The point is you can use fundamental analysis both for the (very) long term -thus looking at how a currency should do compared to another, as well as for the (very) short term, following important economic news about a currency's economy. A lot of short term traders actually trade on the economic news that's coming out daily. You can read more about that trading strategy in our forums.

Later on we'll go deeper into the art of fundamental analysis, talking about a number of important economic events and how to interpret them.

Technical analysis
This is nowadays viewed as the most prominent of the two methods, although everybody also agrees that successful traders generally mix the two in determining their strategy.

Technical analysis doesn't concern itself with actual events, it just looks at the history of the prices, searching for clues as to what those prices might do next.

Factors like Open, High, Low, Close of a particular price are readily available in the open market that forex is, and they can be very easily charted.
The magic word is 'Trend'. What is the trend? Where are we going? What is the pattern? Is it a reversal pattern with double top, is there a double bottom, a head-and-shoulders top perhaps? Or maybe a continuation pattern with a flag, or a symmetrical triangle? This is not the place to go deeper into these magical terms (the aim of this article is to get to know, not to marry and have babies), but suffice it to say that it's important to have some knowledge of what technical analysis is all about. This is not just because it might help you pick your own trades, but it also gives you information about when other traders might step in or out.

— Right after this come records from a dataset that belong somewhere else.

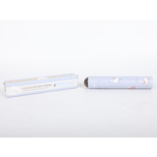 Kaleidoskop v neutrální pastelové barvě, s motivem zvířátek z farmy, v jejich skutečné, reálné podobě, je krásným dárkem pro zvídavé děti. Stačí krasohledem lehce otáčet a uspořádání sklíček a tedy i obrazce se budou měnit a přetvářet. Krasohled, optický přístroj, který pomocí sklíček a zrcadel vytváří kouzelné obrázky, rozvíjí u dětí fantazii a kreativitu..
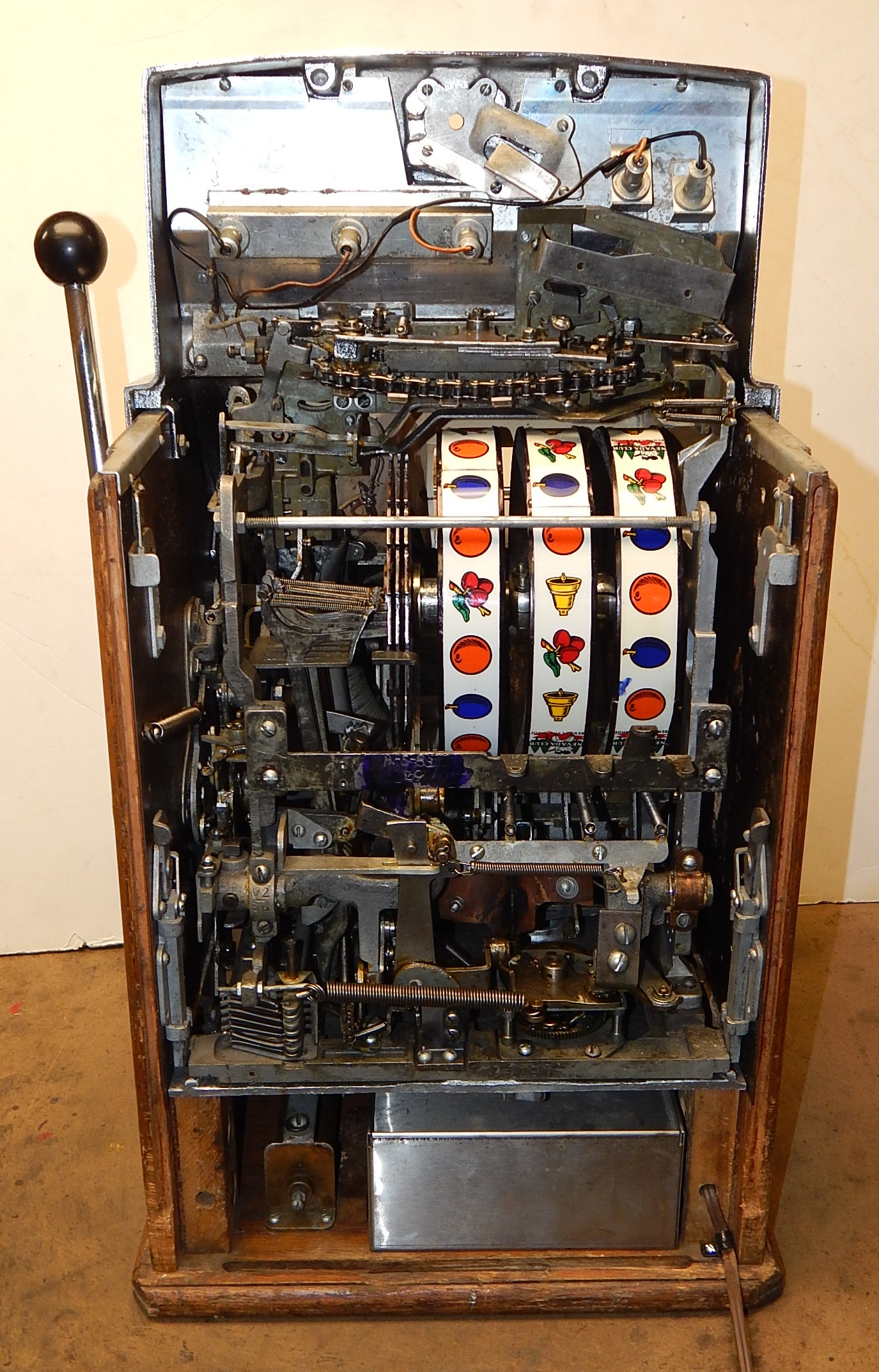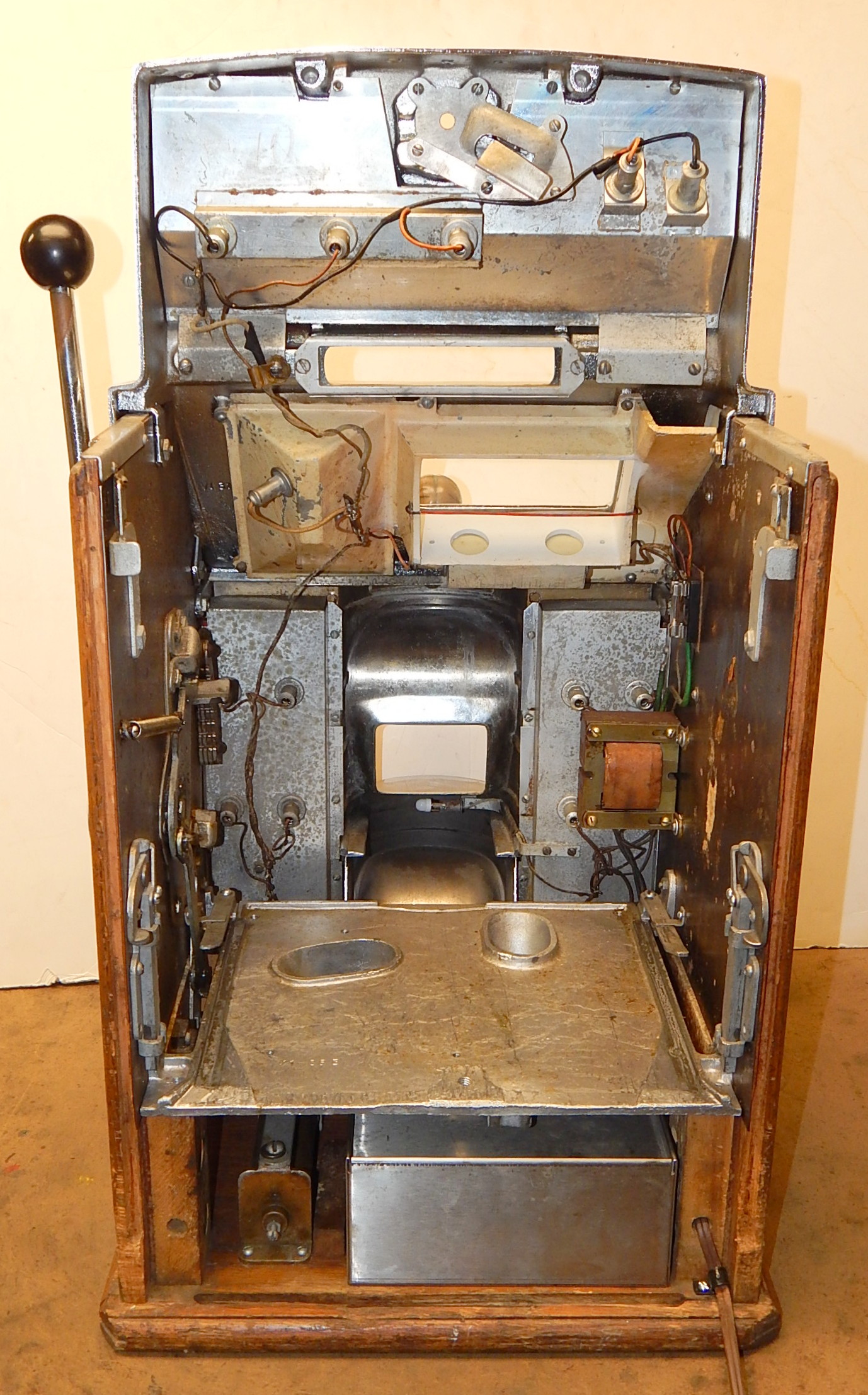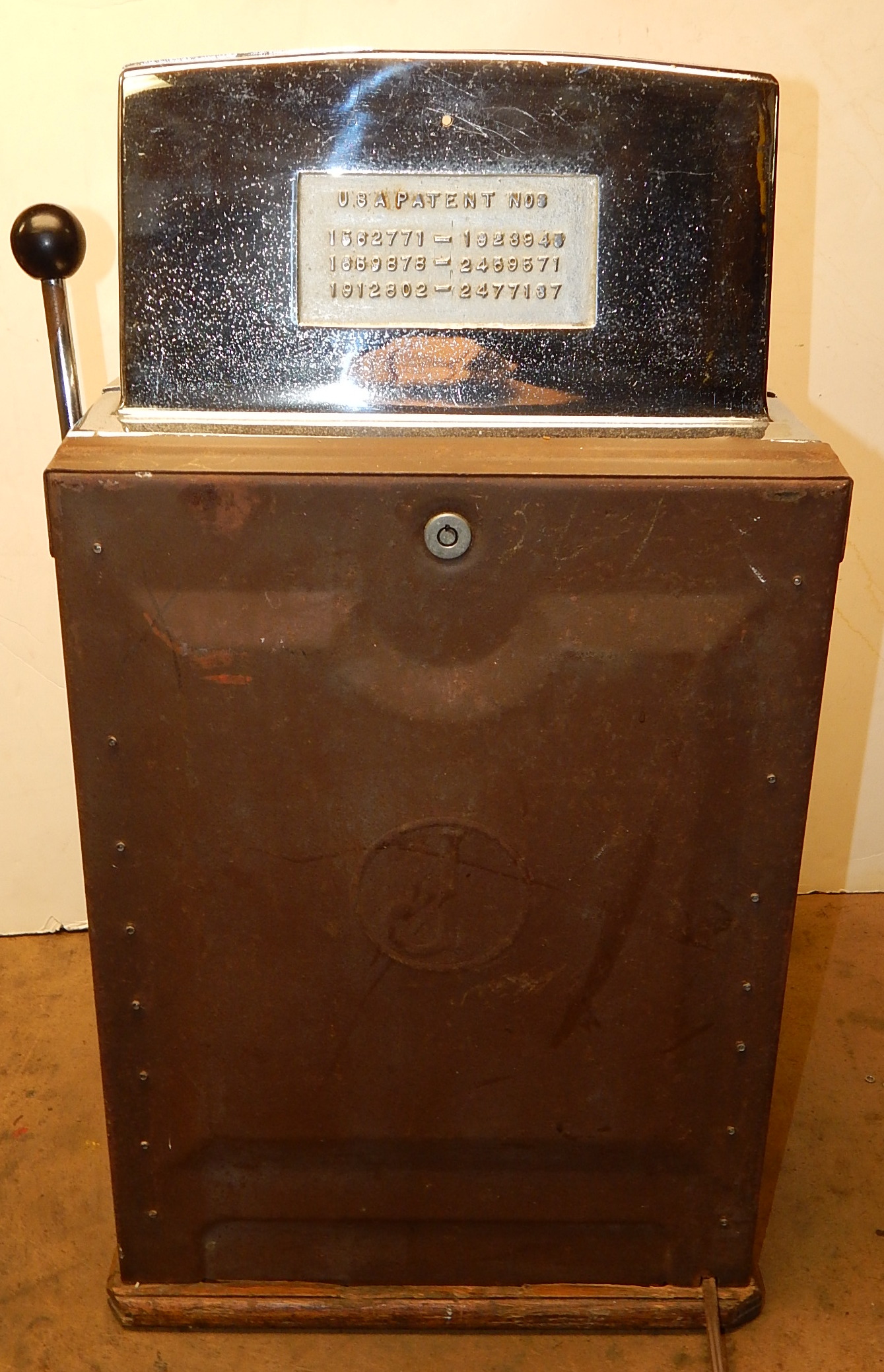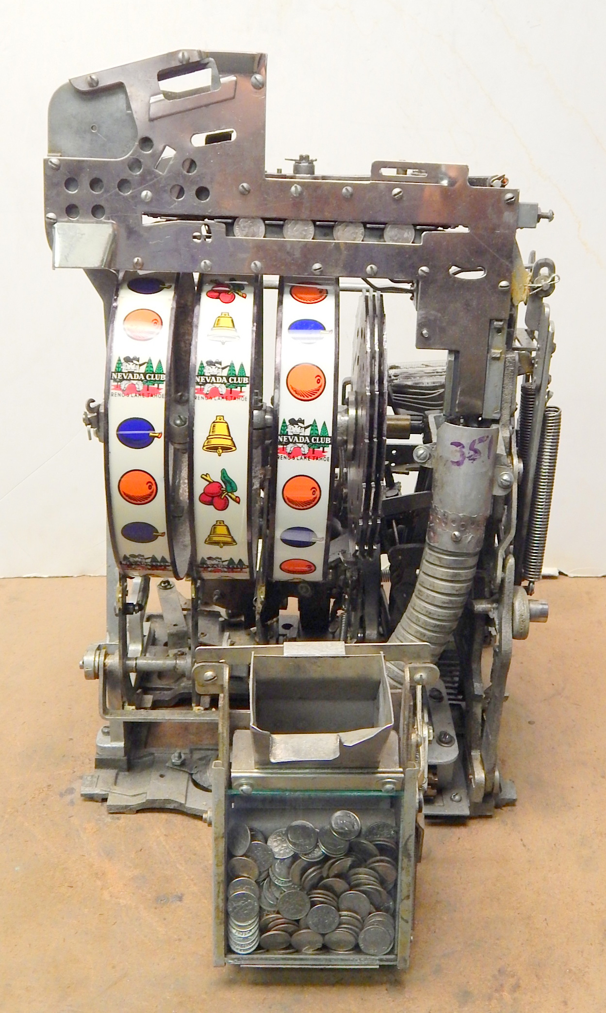 1959 Jennings (lite-up) Nevada Club 10 cent, with front-load functioning jackpot, original back door with Ace lock. Has red plastic at the bottom. This machine is in original condition other then the top casting being chrome plating 9 out of an 10. The cabinet is made oak, new cash box, original reel strips, original back door, ace lock. The machine plays very easy and pays as it should.
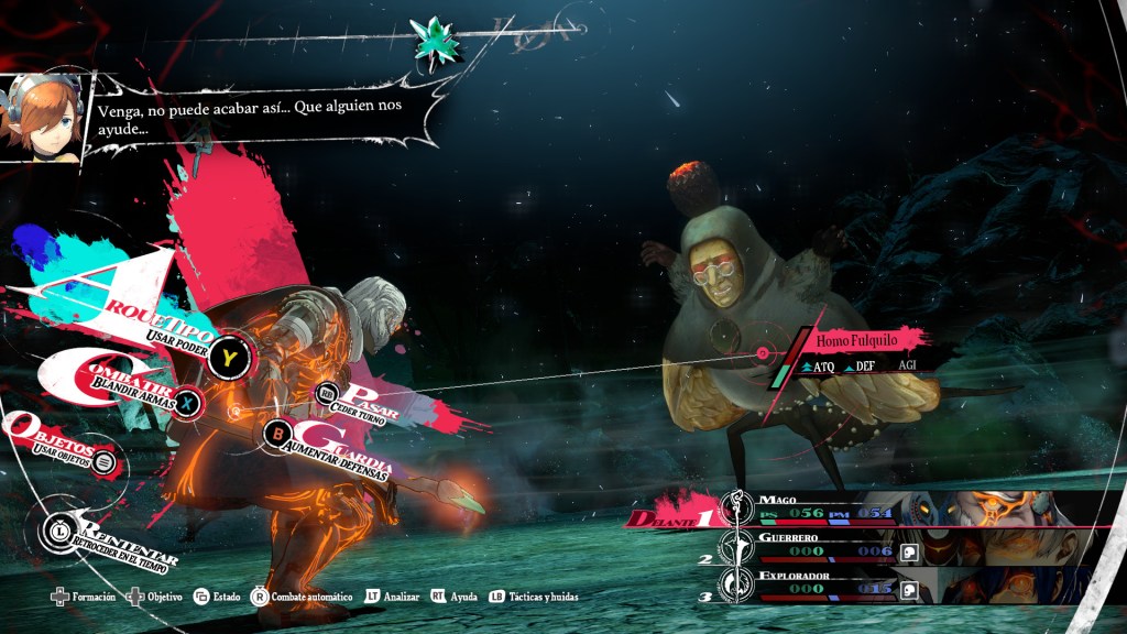 En la parte superior de la pantalla, podemos ver el número de movimientos disponibles. Estos son los que definen cuantos ataques realizaremos desde nuestro grupo y si usamos la habilidad síntesis, de los arquetipos, podremos hacer ataques combinados. Entregando emociones únicas en los enfrentamientos al ver la inmensidad del ataque.

Technical analysis seems very difficult and esoteric at first, but a lot of it actually is fairly logical and easy to grasp. The story of one trader is that before he opened a position he always printed out a chart with the prices over a past period of time of the stock he was considering. He then put that print out up on the wall and stepped back. If he could see a rising pattern on the chart from the other end of the room, he'd buy it. Yes, that too is technical analysis. :)



TIP: Don't get in bed exclusively with either school. Check both the actual events as well as candlestick charts and some technical indicators (that we will talk about later on), so you get the best from both worlds.